Given data:
==*==

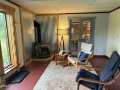 Available 9/3/25 - 5/31/26. Welcome to this classic 1950s barn with a separate studio space of ~900 square feet with large, west-facing windows. The ''industrial rural chic'' retreat is fully furnished and well-laid out with a queen bed, large closets, a cozy sitting space with soapstone propane stove and a well-equipped kitchen with dining table. There is also an office area, high-speed WIFI, and reliable cell phone service (AT&T). Mini split provides heat and A/C. Enjoy your private, peaceful view of pasture, pond, and the Palmer Range, the Southern end of the Adirondack State Park. There is a large, flat lawn with outdoor seating and a firepit, and a private driveway. Tenant responsible for fuel oil, trash; landlord covers electricity and wifi. Come take a look!
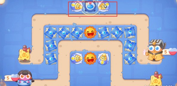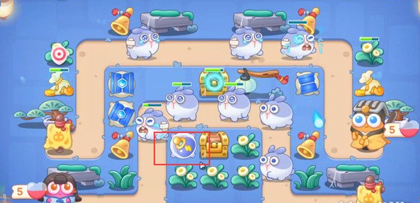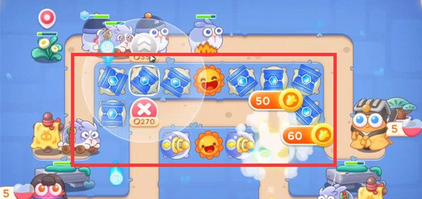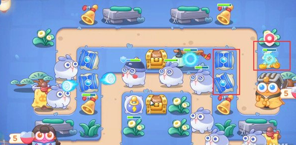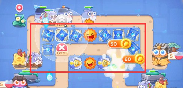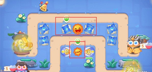 4、我们优先打宝箱,掉落炮塔太阳花,在太阳花周围放冰锥塔,升满级。
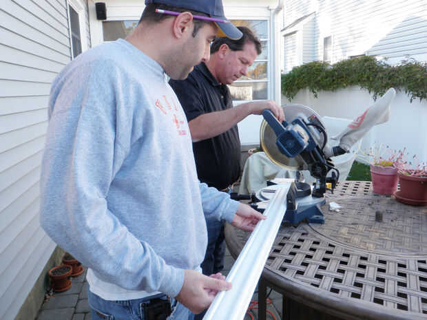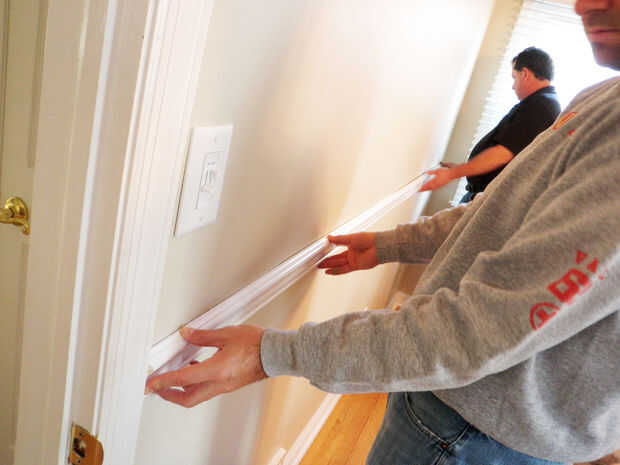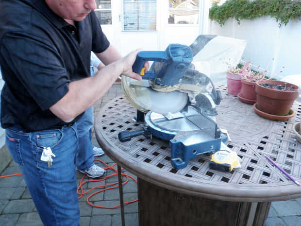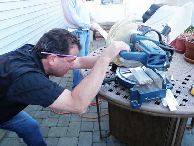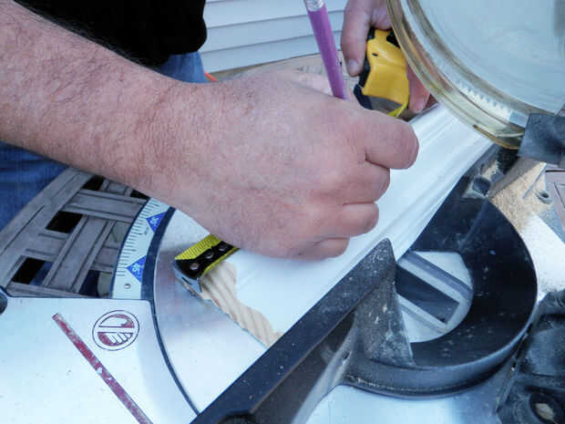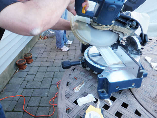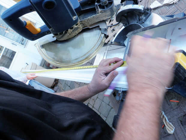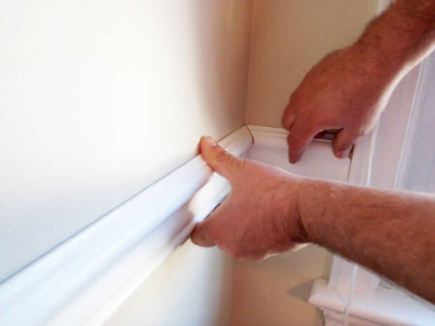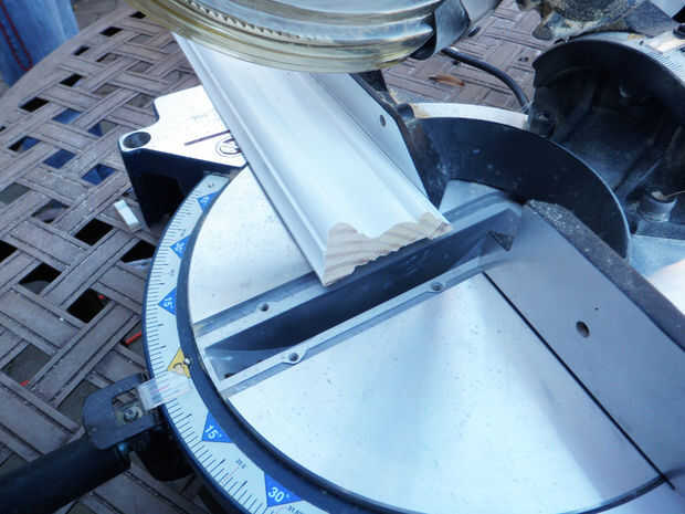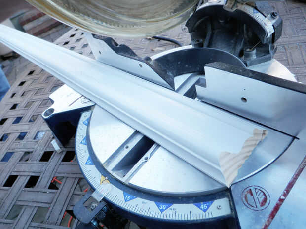 Para hacer esto, corte el extremo de una pieza a 45 grados y, a continuación, gire la siguiente pieza de moldura de modo que sigue siendo la misma cara hacia arriba, pero ahora aparece "boca abajo". Hacer otro corte. Estos dos cortes deben unirse a suavemente a 90 grados (ver notas de imagen).
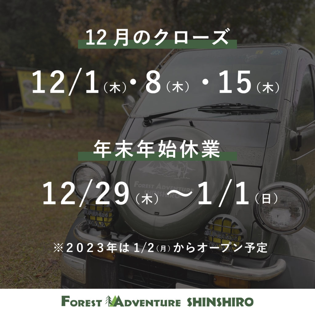 フォレストアドベンチャー・新城です。 12月はクローズ日がございます。 ご迷惑をおかけいたしますが、ご了承のほど宜しくお願いいたします。 【クローズ】 ・12月1日(木) ・12月8日(木) ・12月15日(木) 【年末年始のクローズ】 ・2022年12月29日(木)〜31(土) ・2023年1月1日(日) ※2023年は1月2日からオープン予定です。ご予約を... -
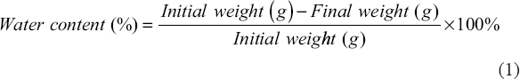 The water content of gandarusa leaves was analyzed to determine the initial moisture content, which can influence the fermentation process. Porcelain dishes were preheated at 105°C in an oven for 30 min to remove residual moisture and then cooled in a desiccator for 30 min before weighing. A 2 g sample of powdered gandarusa leaves was placed in a porcelain dish and heated at 105°C for 3 h. After cooling in a desiccator, the sample was reweighed until a constant weight was achieved. Moisture content was calculated using following the equation (1):
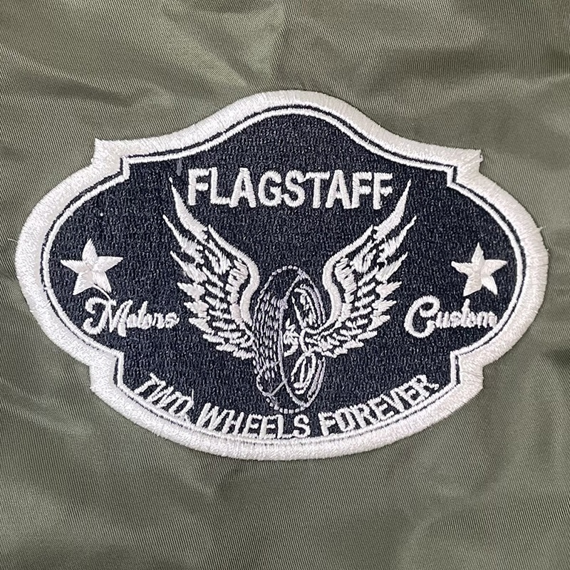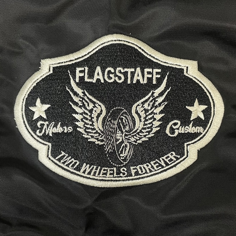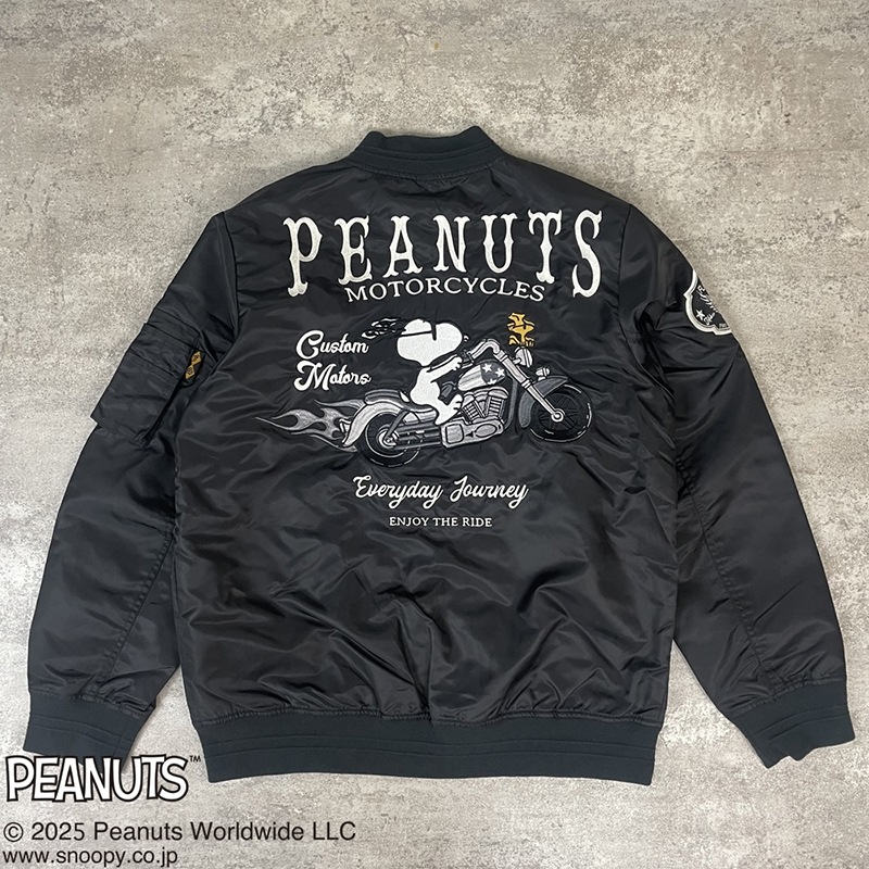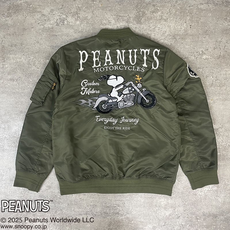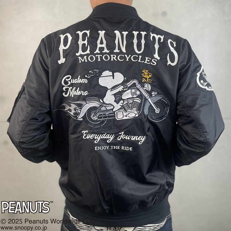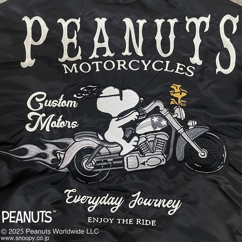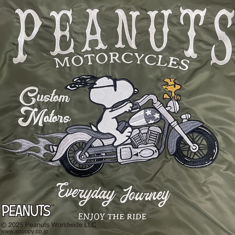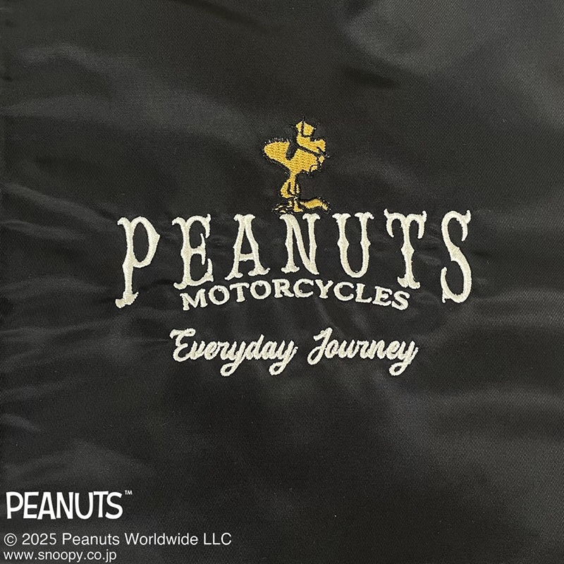 アメリカンバイクに乗るSNOOPYとWOODSTOCKの刺繍が愛くるしい♪

==*==

Problem: Everything in the records that precede this task must be written out again exactly, except the pictures.

Solution below:
 Available 9/3/25 - 5/31/26. Welcome to this classic 1950s barn with a separate studio space of ~900 square feet with large, west-facing windows. The ''industrial rural chic'' retreat is fully furnished and well-laid out with a queen bed, large closets, a cozy sitting space with soapstone propane stove and a well-equipped kitchen with dining table. There is also an office area, high-speed WIFI, and reliable cell phone service (AT&T). Mini split provides heat and A/C. Enjoy your private, peaceful view of pasture, pond, and the Palmer Range, the Southern end of the Adirondack State Park. There is a large, flat lawn with outdoor seating and a firepit, and a private driveway. Tenant responsible for fuel oil, trash; landlord covers electricity and wifi. Come take a look!
 4、我们优先打宝箱,掉落炮塔太阳花,在太阳花周围放冰锥塔,升满级。
 Para hacer esto, corte el extremo de una pieza a 45 grados y, a continuación, gire la siguiente pieza de moldura de modo que sigue siendo la misma cara hacia arriba, pero ahora aparece "boca abajo". Hacer otro corte. Estos dos cortes deben unirse a suavemente a 90 grados (ver notas de imagen).
 フォレストアドベンチャー・新城です。 12月はクローズ日がございます。 ご迷惑をおかけいたしますが、ご了承のほど宜しくお願いいたします。 【クローズ】 ・12月1日(木) ・12月8日(木) ・12月15日(木) 【年末年始のクローズ】 ・2022年12月29日(木)〜31(土) ・2023年1月1日(日) ※2023年は1月2日からオープン予定です。ご予約を... -
 The water content of gandarusa leaves was analyzed to determine the initial moisture content, which can influence the fermentation process. Porcelain dishes were preheated at 105°C in an oven for 30 min to remove residual moisture and then cooled in a desiccator for 30 min before weighing. A 2 g sample of powdered gandarusa leaves was placed in a porcelain dish and heated at 105°C for 3 h. After cooling in a desiccator, the sample was reweighed until a constant weight was achieved. Moisture content was calculated using following the equation (1):
 アメリカンバイクに乗るSNOOPYとWOODSTOCKの刺繍が愛くるしい♪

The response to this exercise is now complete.